Sequential analysis has made a big different in reducing RTL power. Combinational clock gating has been the most popular power reduction technique in use for a long time. Combinational clock gating, if implemented efficiently can reduce dynamic power, but it still is limited in scope, because it does not cover various redundant activities that cause extraneous computations and wasted power. In these scenarios, writes done to a register are either unobservable down-stream or have the same value in consecutive cycles; i.e., they are redundant. Identifying these redundant writes requires multi-cycle analysis of the design and gating of the redundant writes. Such a gating condition is referred to as sequential clock gating. Calypto developed the patented sequential analysis which is able to reduce both static and dynamic power across multiple cycles. Customers have seen 60% reduction in power at RTL with sequential analysis.
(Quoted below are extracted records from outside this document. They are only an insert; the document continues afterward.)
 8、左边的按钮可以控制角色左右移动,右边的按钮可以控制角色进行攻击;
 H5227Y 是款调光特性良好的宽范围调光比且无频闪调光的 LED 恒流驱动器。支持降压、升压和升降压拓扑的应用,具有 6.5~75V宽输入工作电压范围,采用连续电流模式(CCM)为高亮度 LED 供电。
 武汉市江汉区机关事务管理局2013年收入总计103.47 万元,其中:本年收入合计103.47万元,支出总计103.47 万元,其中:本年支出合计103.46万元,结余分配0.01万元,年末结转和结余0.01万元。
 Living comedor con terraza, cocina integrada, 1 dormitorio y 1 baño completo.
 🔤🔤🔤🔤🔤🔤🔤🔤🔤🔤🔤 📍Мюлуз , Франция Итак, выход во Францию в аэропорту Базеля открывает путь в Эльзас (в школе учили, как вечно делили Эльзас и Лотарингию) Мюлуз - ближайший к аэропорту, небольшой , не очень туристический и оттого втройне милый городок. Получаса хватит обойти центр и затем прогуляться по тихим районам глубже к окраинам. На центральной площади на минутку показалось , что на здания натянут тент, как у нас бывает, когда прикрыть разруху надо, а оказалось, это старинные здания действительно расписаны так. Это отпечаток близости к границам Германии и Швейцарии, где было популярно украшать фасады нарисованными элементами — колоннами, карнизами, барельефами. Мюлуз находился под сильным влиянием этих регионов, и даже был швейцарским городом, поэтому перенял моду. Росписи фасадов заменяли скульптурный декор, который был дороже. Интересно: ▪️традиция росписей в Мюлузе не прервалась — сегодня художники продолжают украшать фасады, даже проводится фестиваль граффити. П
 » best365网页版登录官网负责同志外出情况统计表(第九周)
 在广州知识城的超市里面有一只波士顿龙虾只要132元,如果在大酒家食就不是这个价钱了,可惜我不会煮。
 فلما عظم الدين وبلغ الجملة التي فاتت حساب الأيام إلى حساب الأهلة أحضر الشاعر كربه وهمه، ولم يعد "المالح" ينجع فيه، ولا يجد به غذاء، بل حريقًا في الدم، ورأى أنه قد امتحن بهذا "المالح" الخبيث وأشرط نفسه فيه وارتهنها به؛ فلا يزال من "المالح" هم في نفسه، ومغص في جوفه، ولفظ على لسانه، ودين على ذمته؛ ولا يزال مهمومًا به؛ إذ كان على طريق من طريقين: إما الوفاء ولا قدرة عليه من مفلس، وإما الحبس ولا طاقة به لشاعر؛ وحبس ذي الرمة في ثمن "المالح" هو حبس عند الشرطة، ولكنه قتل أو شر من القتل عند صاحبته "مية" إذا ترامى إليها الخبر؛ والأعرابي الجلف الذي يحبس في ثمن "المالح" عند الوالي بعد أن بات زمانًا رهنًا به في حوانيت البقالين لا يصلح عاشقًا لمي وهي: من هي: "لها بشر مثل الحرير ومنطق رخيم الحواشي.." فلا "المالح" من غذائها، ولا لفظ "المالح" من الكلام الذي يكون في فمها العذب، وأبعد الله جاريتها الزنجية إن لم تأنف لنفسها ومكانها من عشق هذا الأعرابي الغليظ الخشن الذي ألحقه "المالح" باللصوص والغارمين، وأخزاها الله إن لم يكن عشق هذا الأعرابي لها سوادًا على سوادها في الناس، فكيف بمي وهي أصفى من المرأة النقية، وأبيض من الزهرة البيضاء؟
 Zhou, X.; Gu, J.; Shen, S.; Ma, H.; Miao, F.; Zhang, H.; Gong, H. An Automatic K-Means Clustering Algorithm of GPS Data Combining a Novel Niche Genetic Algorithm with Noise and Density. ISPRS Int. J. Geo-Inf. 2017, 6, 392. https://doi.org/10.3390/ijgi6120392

Dr. Zhihong Liu - Executive Chairman, ProPlus Design Solutions At 45nm and lower geometries including 28nm, yield is all but a crisis for process development engineers and circuit designers. The cause is a combination of increased random variations and layout-dependent effects, both having an impact on the chip yield. The solution is accurate yield prediction and realistic design optimization between performance and yield. Modeling engineers must be able to accurately model these process effects in SPICE models that can be used during simulation and verification. Circuit designers then need a DFY toolkit for handling process variations with accurate SPICE models for process variations, a fast and reliable statistical simulation engine and hardware-validated sampling technologies.
Advances in accurate statistical modeling and design tools with high prediction accuracy and superior simulation performance are easing the problem. For example, ProPlus Design Solutions unveiled an integrated DFY product portfolio that includes advanced SPICE modeling, parallel SPICE simulation and statistical analysis. The tools offer a look at how different variation effects can be accurately modeled and properly used in circuit analysis, and how efficiently yield analysis can be done in two different areas. The two areas are regular 3-sigma Monte Carlo runs for analog circuit designs and special High Sigma runs such as 5~6 sigma for memory and standard cell designs.
Mike Gianfagna - Vice President of Corporate Marketing, Atrenta Inc. We launched a new version of our IP Kit with TSMC. We're delighted with the way that program is growing. ARM's recent announcement to join is a good example of the progress being made.